**What you have to do**
Whatever pictures appear, omit them, and repeat the data below exactly.

** Study material follows **

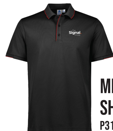
MENS FOCUS SHORT SLEEVE POLO P313MS
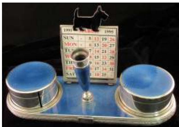
1154 Silver Desk Set , sterling coil roll box, inkwell box and matching base with pen holder and calendar (170x62mm), each with inset blue guilloche enamel, round coil dispenser with gold wash interior and central spindle, round inkwell box with glass inkwell, separate base with ball pivot pen holder and calendar back plate with black enamel terrier clip, boxes marked sterling. Estimate. . . . . $600 - 800
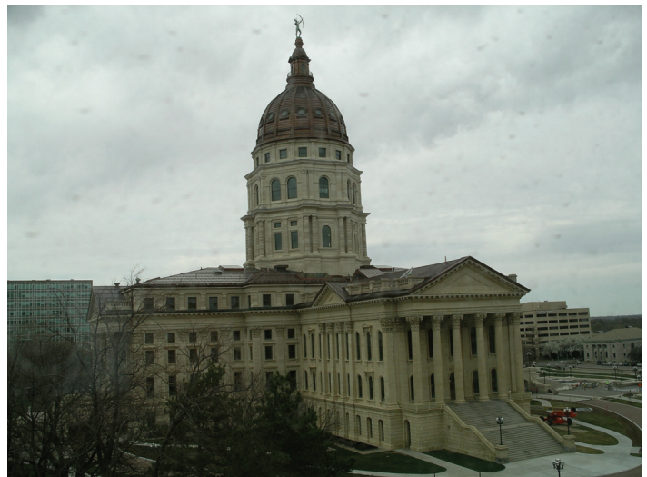
View of the new capitol dome from the office window.

Revisions to the Board's regulations will follow approval of the statutes.
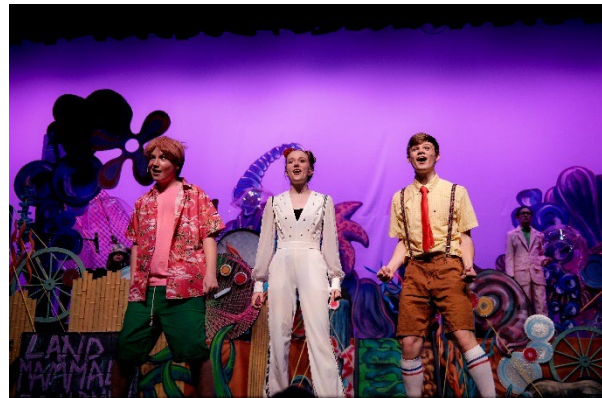
Franklin High School

** End of Study material **

**Solution below**
MENS FOCUS SHORT SLEEVE POLO P313MS
1154 Silver Desk Set , sterling coil roll box, inkwell box and matching base with pen holder and calendar (170x62mm), each with inset blue guilloche enamel, round coil dispenser with gold wash interior and central spindle, round inkwell box with glass inkwell, separate base with ball pivot pen holder and calendar back plate with black enamel terrier clip, boxes marked sterling. Estimate. . . . . $600 - 800
View of the new capitol dome from the office window.

Revisions to the Board's regulations will follow approval of the statutes.
Franklin High School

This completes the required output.